General and Administrative Rate (GAR)
An indirect cost rate used to allocate company-wide management and administrative expenses across contracts, projects, or other cost objectives.
What Is a G&A Rate?
In government contracting, a G&A Rate represents the share of overall business support costs that are assigned to contract work. These are costs related to running the company as a whole, not just performing one specific contract.
Examples often include executive management, accounting, legal, human resources, and other general business operations.
Key Characteristics
An indirect cost rate
Covers company-wide administrative expenses
Applied across contracts or cost objectives
Separate from direct labor and direct material costs
Commonly used in pricing, accounting, and cost reimbursement
How It Works in Government Contracting
A G&A Rate is used during pricing, budgeting, accounting, and contract performance. Contractors calculate the total pool of general business expenses and allocate those costs over an approved base, depending on their accounting structure.
It is used by finance teams, accountants, pricing teams, contract managers, and auditors. The rate helps spread overall business management costs fairly across the work the company performs.
In practice, G&A is often one of the final indirect layers added when building a fully burdened cost or labor rate.
Regulatory Framework
G&A Rate is part of the broader government contract cost-accounting and cost-allocation framework. Its acceptability depends on whether the costs are reasonable, allocable, consistently treated, and properly supported.
The exact calculation method may vary depending on the contractor's accounting practices and contract type.
Why It Matters for Contractors
G&A Rate matters because it affects pricing, profitability, and cost recovery. If the rate is too low, the contractor may fail to recover important business operating costs. If it is too high, pricing may become less competitive.

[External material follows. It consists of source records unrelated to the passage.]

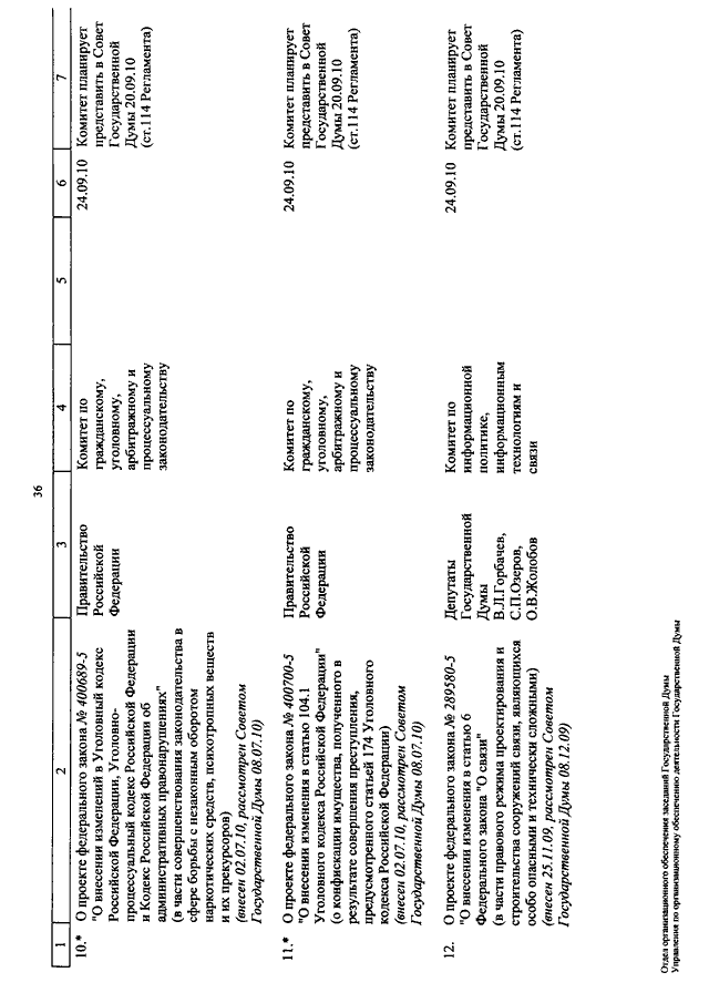 "О КАЛЕНДАРЕ РАССМОТРЕНИЯ ВОПРОСОВ ГОСУДАРСТВЕННОЙ ДУМОЙ С 7 ПО 24 СЕНТЯБРЯ 2010 ГОДА"
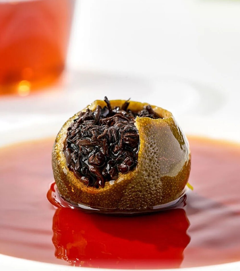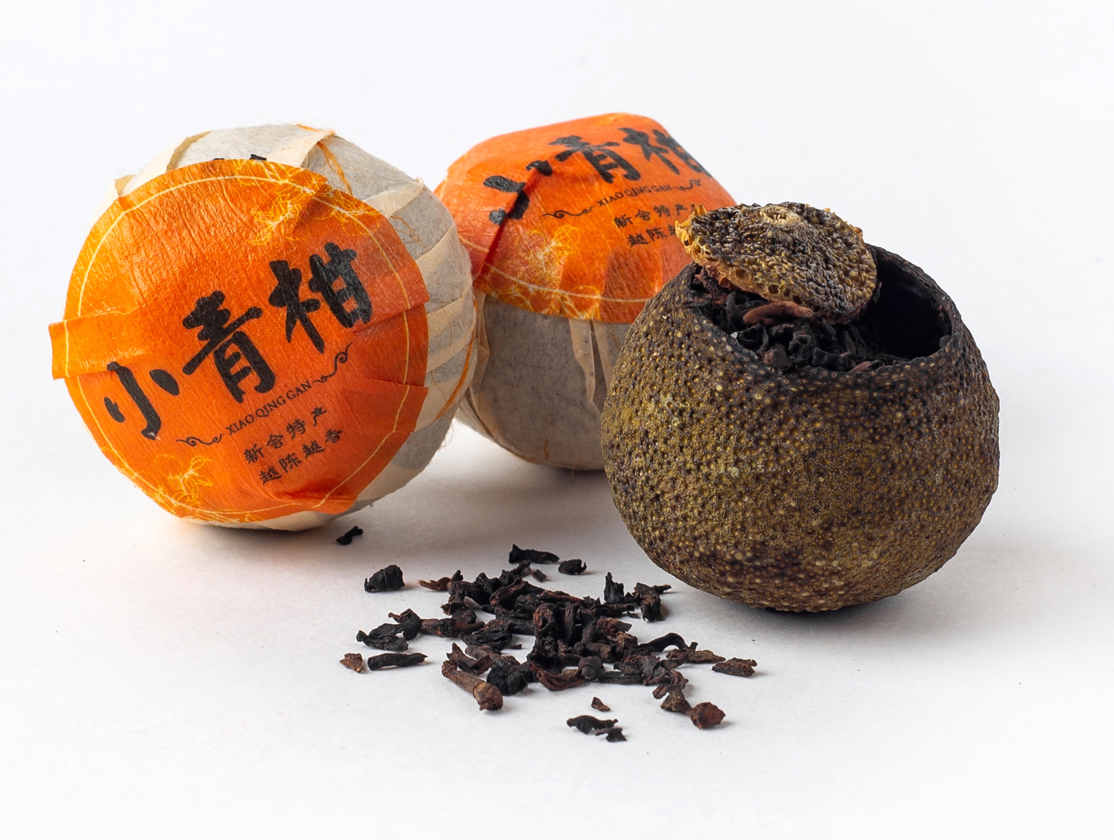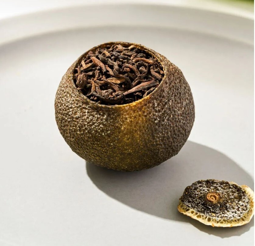 СЫРЬЕ: Рассыпной шу пуэр и мандарин. Из мандарина аккуратно удаляется мякоть и осторожно засыпается чай. После этого его отправляют на сушку, в специальный прожарочный шкаф.
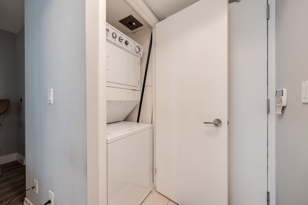 If I could post pictures I would. The photos do not match the room. The ceiling of the bathroom was taken apart and replaced with a taped up tarp! This room is getting run down, dirty and cracked trim, kitchen cabinets peeling and broken blinds everywhere. No where near a hotel experience, no toiletries or coffee in the room, towels were left in the laundry for us to find. Only reason I didn’t have a fit was because the location. This room should not be advertised on Expedia.

It also matters strategically because accurate G&A treatment helps contractors build realistic proposals and maintain stronger financial control.
Common Misconceptions About G&A Rate
G&A is the same as overhead.
Overhead usually relates more directly to contract performance support, while G&A covers broader company-wide administrative costs.
G&A only applies to large businesses.
Businesses of many sizes may use a G&A Rate if they allocate company-wide indirect costs.
G&A is optional in pricing.
It is often necessary to capture the full cost of running the business.
Frequently Asked Questions
What does G&A stand for?
General and Administrative.
What kinds of costs are included in G&A?
Common examples include executive management, accounting, legal, HR, and other overall business support functions.
Why is G&A important in government contracting?
Because it helps allocate the company's general operating costs across its contracts and projects.
Who uses the G&A Rate?
Finance teams, pricing staff, accountants, contract managers, and auditors.
Related Government Contracting Topics
Indirect Cost Rate: A rate used to allocate costs that cannot be charged directly to one contract.
Overhead Rate: A rate used to allocate indirect costs tied more closely to contract performance.
Fringe Rate: A rate used to allocate employee benefit costs to labor.
Fully Burdened Rate: The total labor rate including direct labor, fringe, overhead, and G&A.
Direct Cost: A cost that can be charged directly to a specific contract or project.
Cost-Reimbursement Contract: A contract type where the government reimburses allowable incurred costs.